Le chef ouzbek Aziz Shokhakimov et l'Orchestre National des Pays de la Loire en ont donné une interprétation exceptionnelle, remettant le tipi au milieu du village, en l'occurrence la grande scène de l'Équinoxe, partenaire des Lisztomanias de Châteauroux. En première partie, le chef et la formation basée à Nantes et Angers avaient fait dresser l'oreille, en accompagnant avec une précision de mise en place, un élan collectif et un soin remarquables Alexandre Kantorow aussi étincelant et chevaleresque dans le Concerto n° 2 de Liszt qu'il avait été démiurge dans Après une lecture du Dante, donné en guise d'ouverture, et qu'il sera lyrique dans un Sonnet 104 de Pétrarque chanté avec une sonorité profonde, lumineuse et scintillante, joué en bis, acclamé par l'orchestre.
Comme son confrère Benjamin Grosvenor, Alexandre Kantorow nous parle d'un autre monde, habité par une poignée de géants qui se succèdent de loin en loin depuis Chopin et Liszt.
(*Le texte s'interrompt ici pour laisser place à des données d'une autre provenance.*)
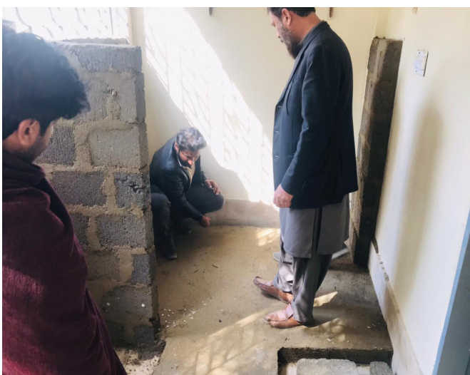
Construction of Wash Stations in Schools at Thatta and Karachi, Sindh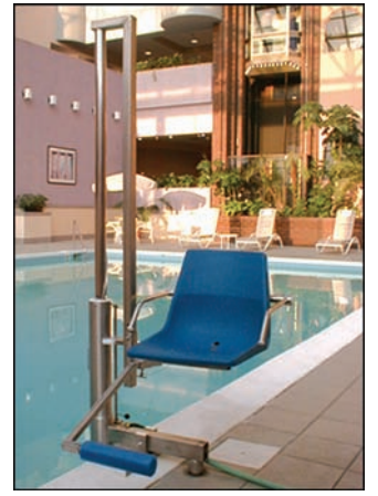
U.S. PAT. #5,465,433

The Americans with Disabilities Act requirements for public pools include pool access via pool lift, zero-depth entry, or both. The ADA requirements for pool lifts include independent operation and easy seat retrieval from deck or water. The IGAT models on this page meet or exceed ADA requirements, and feature upper and lower controls within easy reach from deck or water, with no need to reel in a single control box from the opposite location. Lifts are powered by water pressure (max. 70 PSI) from a hose connection to a faucet or plumbed-in line. Water pressure requirements and rated loads vary depending on weights of optional accessories. Installation requires anchor socket in deck; socket and cover are included. Pool/spa sketch with dimensions is required.

Il est heureux que le président de la République Emmanuel Macron, après l'avoir fait chevalier des Arts et Lettres, l'ait convié à donner un récital à l'Élysée, ce mardi 19 octobre, devant des élèves qui seront à l'écoute d'un jeune homme à peine plus âgé qu'eux dont ils n'imaginent pas qu'il puisse exister et puisse faire naître tant de beauté et de spiritualité d'un piano.
Aussi, c'est donc avec une grande impatience et curiosité qu'on attendait la Symphonie « du Nouveau Monde ». Le nom de Shokhakimov, chef âgé de 33 ans, nous disait bien quelque chose absent de sa biographie officielle. Certes, on savait qu'il vient juste d'être nommé patron de l'Orchestre philharmonique de Strasbourg, mais en fouillant dans notre mémoire, nous est revenu qu'il avait fait ses débuts en France, invité par René Martin à la Folle journée de Nantes et à La Roque d'Anthéron, voici déjà cinq ou six ans, attirant ainsi l'attention sur son talent exceptionnel. Sans vouloir être désagréable avec l'ONPL, on ne dira pas de cette formation qu'elle est l'une des premières de l'Hexagone. Elle revient même de loin, mise entre les mains de directeurs musicaux qui dans le passé n'ont pas travaillé avec le sérieux, l'opiniâtreté, le talent que Pascal Rophé déploie depuis 2014 : il a fait faire un bond qualitatif remarquable à l'orchestre.